They look so different now compared to the way they looked when he was a child, or even when he was eighteen and in hot pursuit of Heldalf. He’s sure they must have been this overrun the last time he was here, but he hadn’t really been taking it all in then. Now, as much as he hates to admit it, he’s rather lost. He must have taken a wrong turn somewhere, for now he’s in a courtyard he doesn’t recognize. The sun washes the whole room in a pale grey from behind distant clouds, and he walks toward the center of the room so that he can look for other exits.

The ground shifts underneath him. Startled, he looks down and sees the floor collapsing under his feet, crumbling away as he watches. He tries to step away, but the ground is giving way too quickly, and he feels himself falling. _Now, of all times,_ he thinks bitterly, and reaches one arm up as he falls in preparation to summon his staff.

Instead, a gloved hand catches him firmly by the wrist.

For a second, Mikleo doesn’t dare to look up, or even to hope that he’ll see that familiar face if he does, but then he remembers why he’s there. The light has gone out. Sorey is either dead or awake, and –

He looks up, directly into a pair of shining green eyes, and feels the smallest of smiles tug at the corners of his mouth. “Sorey,” he breathes, and grasps Sorey’s hand with his other hand.

The former Shepherd hauls him up easily, with barely a strain on his muscles, and Mikleo finds himself seated beside his kneeling best friend. Sorey looks at him, eyes still gleaming under the sun, and then cocks his head to one side. “Mikleo,” he says slowly, as if tasting the name on his tongue.

Mikleo realizes he’s been holding his breath, and lets it out slowly so that Sorey won’t notice.

“What are you _wearing_?” Sorey asks as his eyes drop down to Mikleo’s long-sleeved henley and on down to his denim jeans and black dress shoes.

“Sorey,” Mikleo repeats, and then forces himself to focus. “How much do you remember?”

“I remember you,” Sorey answers immediately. A wide grin spreads across his face. “And I remember Gramps, and…” The smile fades. “Heldalf. And I remember firing the gun, and you and the other seraphim…” He looks at Mikleo, suddenly surprised to see him. “I thought you would be gone,” he says. “How are you here?”

“I promised I’d wait for you, didn’t I?” Mikleo scoffs, and stands, dusting himself off at the knees and adjusting his bag. “Well, I waited.”

Sorey, too, stands, and Mikleo discovers to mixed contentment and anger that Sorey is still taller than him by a few inches. “How long did you wait?”

“A long time,” Mikleo says.

“How long?”

“Six hundred thirty four years,” Mikleo admits.

“Tell me you didn’t spend all of them here…”

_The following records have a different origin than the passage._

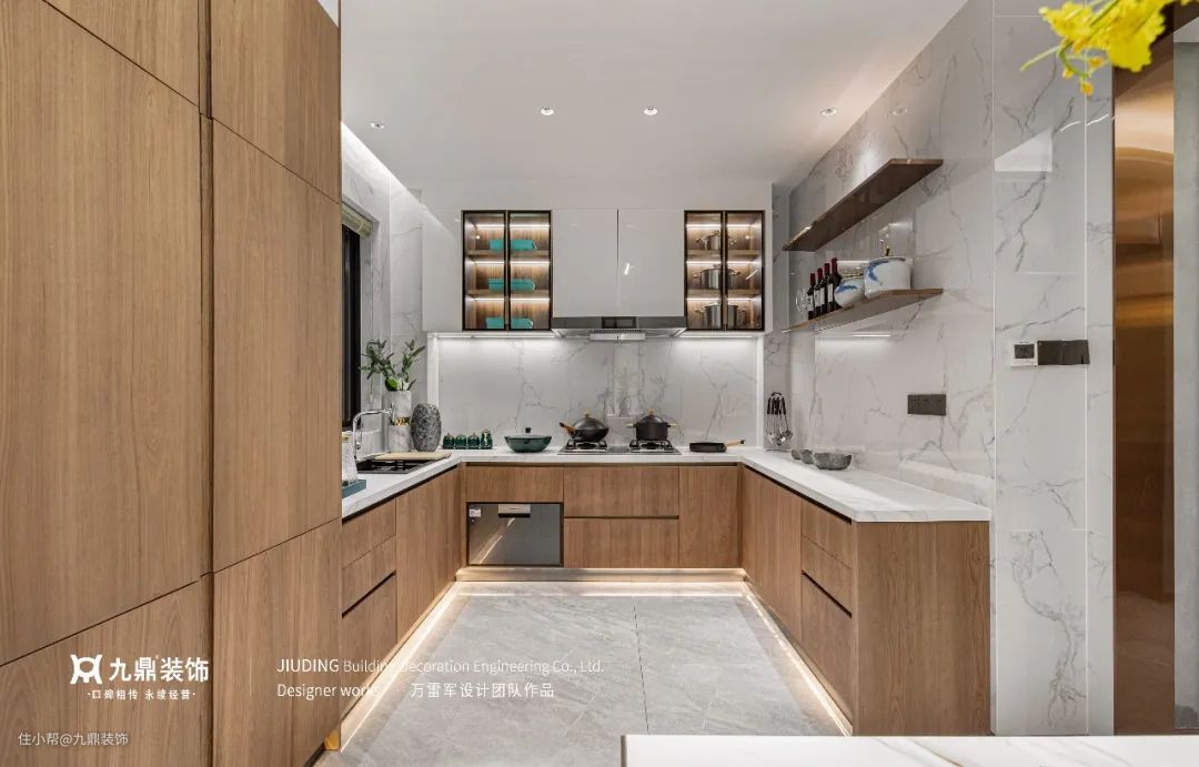 在吊柜下安装灯带,可以减少厨房的照明死角,让备菜过程更加轻松便捷,做菜的心情也会变好。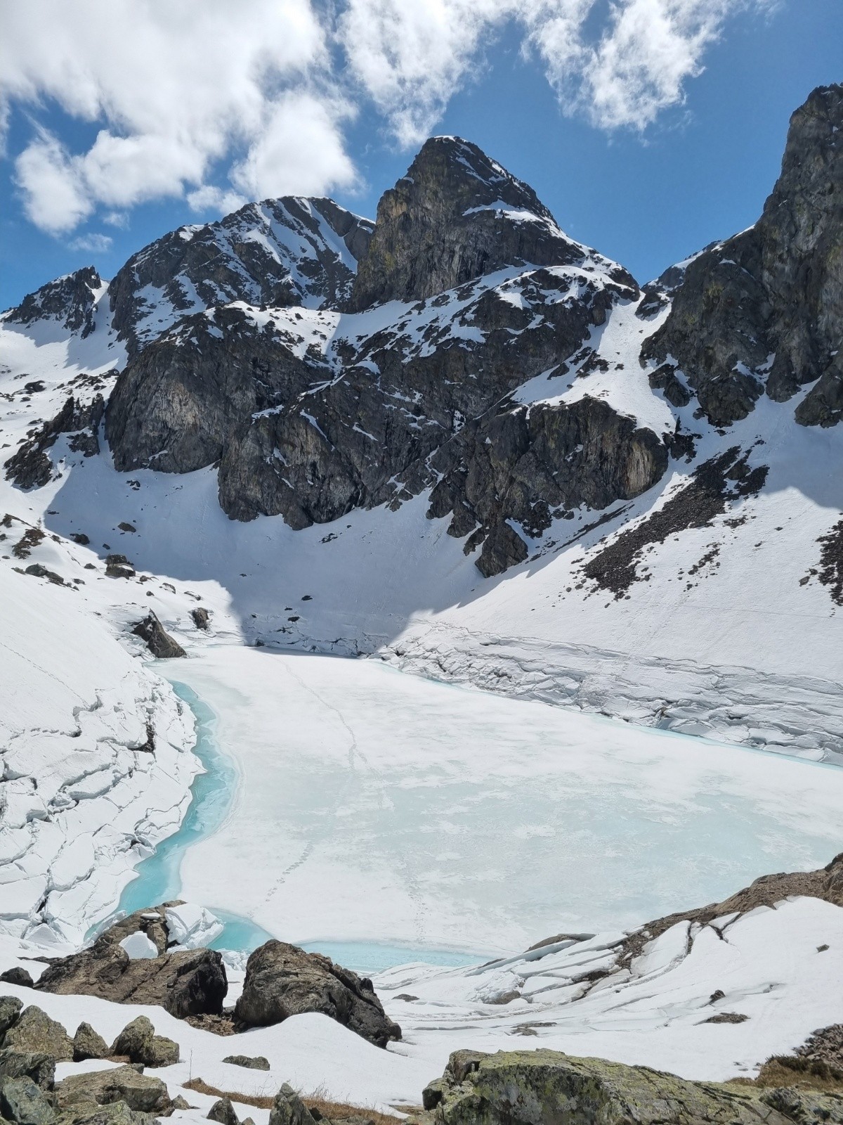 - une traversée aérienne du lac du Crozet (en début de débâcle) pour une fois sans avalanche à traverser mais à plusieurs dizaines de mètres au dessus du lac, faut pas glisser, la trace est propre.
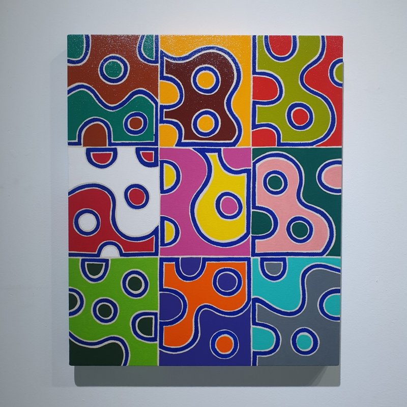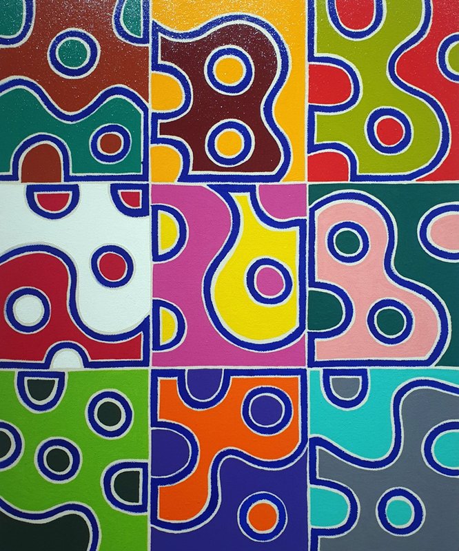 캔버스를 가로지르는 직선과 곡선들, 경계 지어진 면들, 그 면들을 채우는 다양한 색들. 작품은 우리의 시각경험에서 가장 기초적인 인지적 단위가 되는 대상들, 선, 면, 색 등으로 가득 차 있습니다. 이러한 점에서 작품은 그 자체로 흥미로운 시각적 자극이 될 수 있습니다. 하지만 작품은 단지 흥미로운 감각적 자극이 되는데 그치지 않습니다. 캔버스를 가로지르는 직선과 곡선들 중 어떤 것을 선택하느냐에 따라 우리가 작품에서 볼 수 있는 면은 형태와 크기를 달리합니다. 한 작품 속에서 여러 가지 형태들을 볼 수 있는 것입니다. 작품은 이처럼 감상자가 자유로운 시각적 상상에 참여하게 합니다. 뿐만 아니라 작품은 감상자로 하여금 경계와 차이에 대한 질문을 던지도록 유도합니다. 경계에 따라 생길 수 있는 인식의 차이가 얼마나 가변적인지, 작품을 통해 느껴보시기 바랍니다.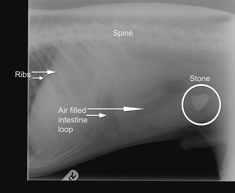 The white item you can see in his abdomen is a stone! Arky had willingly eaten this stone! It had made its way through his stomach, through the top of his intestines before getting stuck halfway through his guts. At this point things became very serious. If this stone was left where it was Arky would become even more ill. So we took him straight to theatre where we removed the stone surgically.
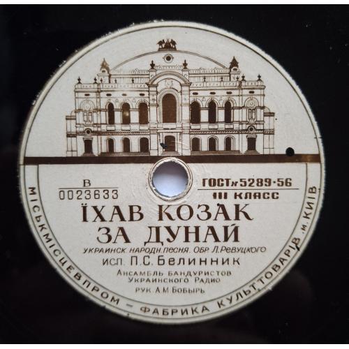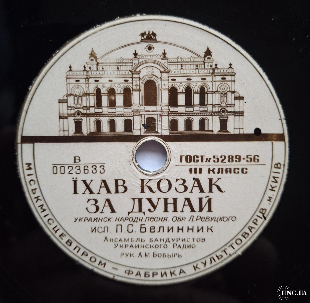 "Їхав козак за Дунай". Украинская народная песня Обработка Л. Ревуцкого Исполнитель П. С. Белинник. Ансамбль бандуристов украинского радио руководитель А. М. Бобырь.

“No,” Mikleo scoffs, “though I did stop by to say hi every once in a while.” He’d been by once a year for the first several hundred years that Sorey slept, but then Lailah had pointed out that it only made him sad. He’d spaced out his visits a bit more after that, if only to keep her from worrying. “I do have a job, you know.”

“What, you travel with the current Shepherd?” Sorey asks, completely sincerely, and Mikleo closes his eyes. It’s going to take a while to explain how much things have changed.

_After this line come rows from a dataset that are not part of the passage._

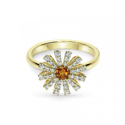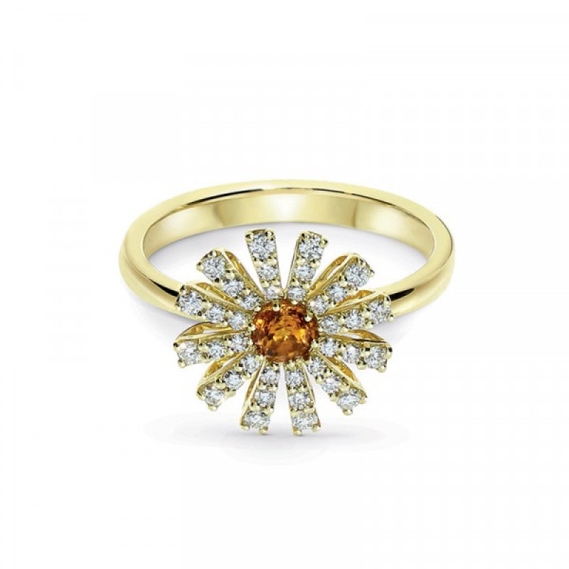 Anello Damiani Margherita in oro giallo con diamanti e quarzo citrino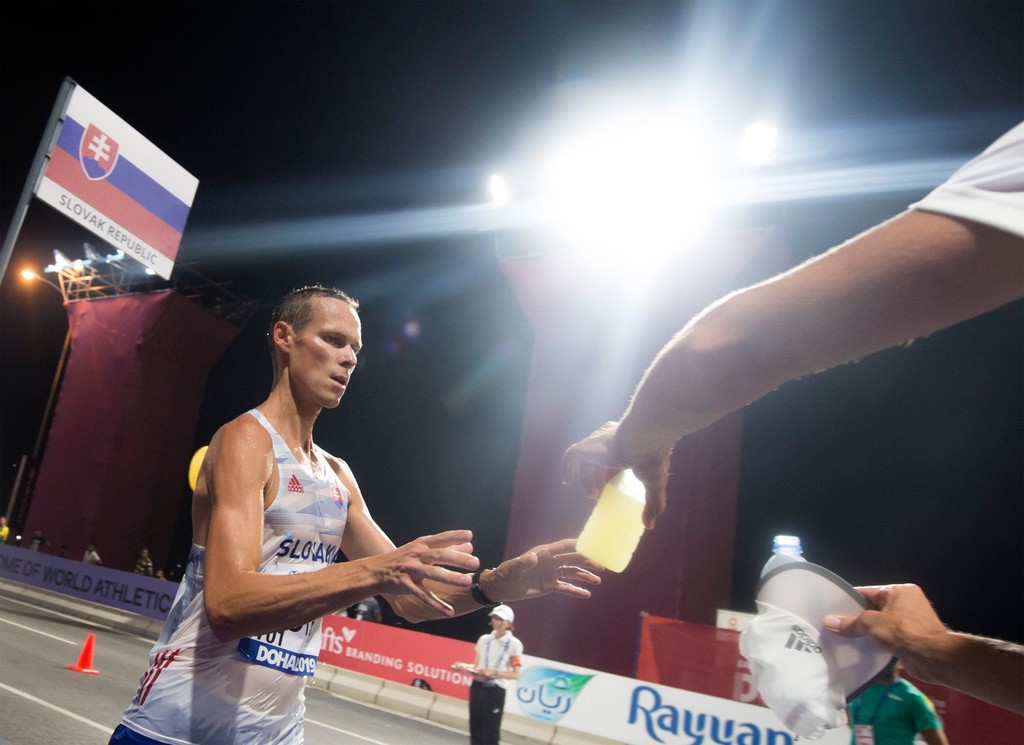 V extrémnych podmienkach, ktoré v katarskej Dauhe panovali v noci zo soboty na nedeľu, odstúpil po 28 kilometroch a nerozšíril zbierku úspechov s triumfami na MS 2015, OH 2016 či dvoma striebornými medailami z ME. Medzi ženami nedokončila ani slovenská reprezentantka Mária Katerinka Czaková, ktorá vzdala po 31 kilometroch.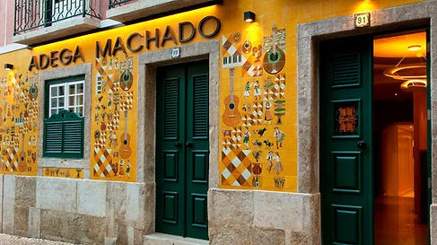 English Matters buðu til kvöldverðar á Adega Machado veitingastaðnum í Bairro Alto hverfinu á þriðjudagskvöldinu. Veitingastaðurinn hóf rekstur árið 1937 þannig að ekki er hann nýr af nálinni. Matseðillinn er sagður vera þjóðlegur. Ekki get ég nú sagt að við munum svo glöggt eftir matnum en þjónustan var góð og það var sérlega skemmtilegt að heyra Fado tónlistina á milli rétta. Þar sem maturinn var í boði English Matters höfum við ekki hugmynd um hvort hann var dýr eða ekki. Sennilega mun dýrari en hefðbundinn kvöldverður en það er eðlilegt því það var lifandi tónlist í boði. Fado tónlistina mætti ef til vill kalla portúgalskan blús. Þá er maður að vísa í textana sem einkennast af uppgjöf, döprum örlögum og þrá. Tónlistin sjálf er ekkert lík blús. Hún er flutt af söngvara, klassískum gítar og portúgölskum gítar ásamt órafmagnaðum bassa, oft kontrabassa. Erindin skiptast gjarnan á að vera í dúr eða moll og takturinn oft tví- eða þrískiptur eins og í vals. Rubato er gjarnan notað til að gefa tónlistinni tilfinningu. Bassinn heldur taktinum réttum en söngvarinn leikur sér að því að teygja taktinn í lok hendinga til að auka á dramtíkina.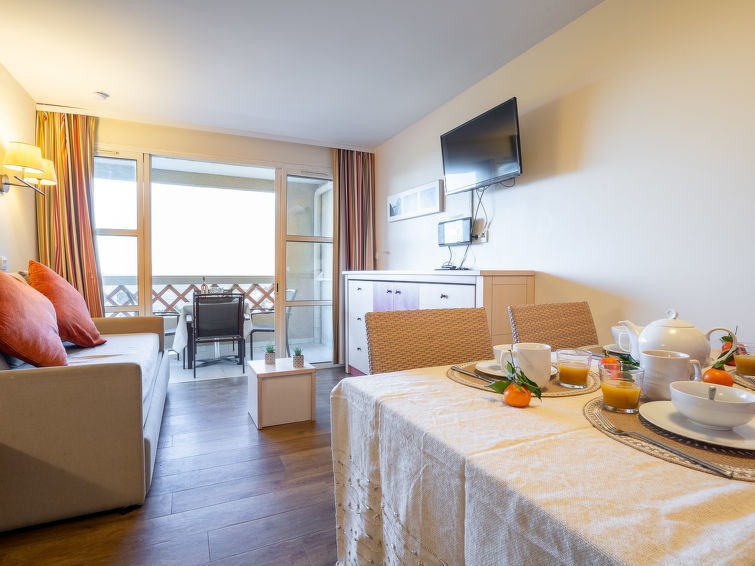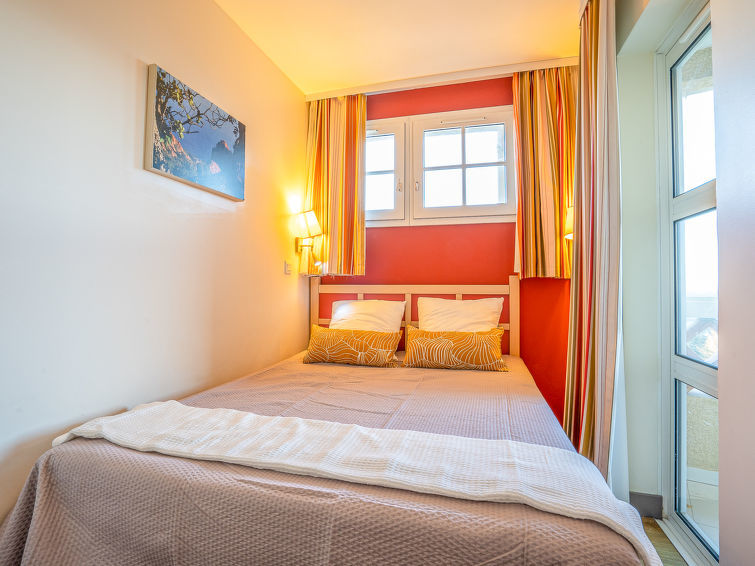 "Le Belvédère (D4 256)", appartement 2-kamers 28 m2 op de 1e verdieping. Woonkamer met 1 uitschuifbaar bed (2 x 80 cm, lengte 190 cm), TV (Flatscreen TV), stereo-installatie, DVD en elektrische verwarming. Uitgang naar het terras. 1 kleine kamer met 1 2-pers bed (140 cm, lengte 190 cm), elektrische verwarming. Uitgang naar het terras. Kookhoek (afwasmachine, 4 keramische glas kookplaten, broodrooster, waterkoker, diepvriezer, elektrische koffiemachine, pads voor de koffiemachine (Senséo), combimagnetron). Badkamer, aparte WC. Elektrische verwarming. Terras 6 m2, overdekt. Terrasmeubelen, ligstoelen (1). Uitzicht op zee en Golfbaan. Ter beschikking: Internet (WiFi, extra). Parkeerplaats nr. 2313 (overdekt, 1 Auto), hoogte 180 cm. Niet rokers woning. Maximaal 1 huisdier/hond toegestaan. Rookmelders. Aanbod door een particulier volgens art. 155, IV van CGI. FR 65782

“No, I… I teach classes about archaeology. To humans,” he starts.

“They can see you?” Sorey exclaims excitedly. “So it worked! Humans and seraphim live together!”

“Yes, but…”

“That’s wonderful, Mikleo!” Sorey says, and before Mikleo can protest, he finds himself pulled into a tight hug. His face presses easily into Sorey’s neck, and his hands curl instinctively around his back.

Six hundred and thirty four years later, it still feels completely natural to have him here, touchable, hearable. “It’s not like we imagined, Sorey,” Mikleo mumbles into Sorey’s collarbone, his voice barely audible. “It’s not the world we dreamed of.”

Sorey pulls back, but keeps his hands on Mikleo’s shoulders. “What do you mean?”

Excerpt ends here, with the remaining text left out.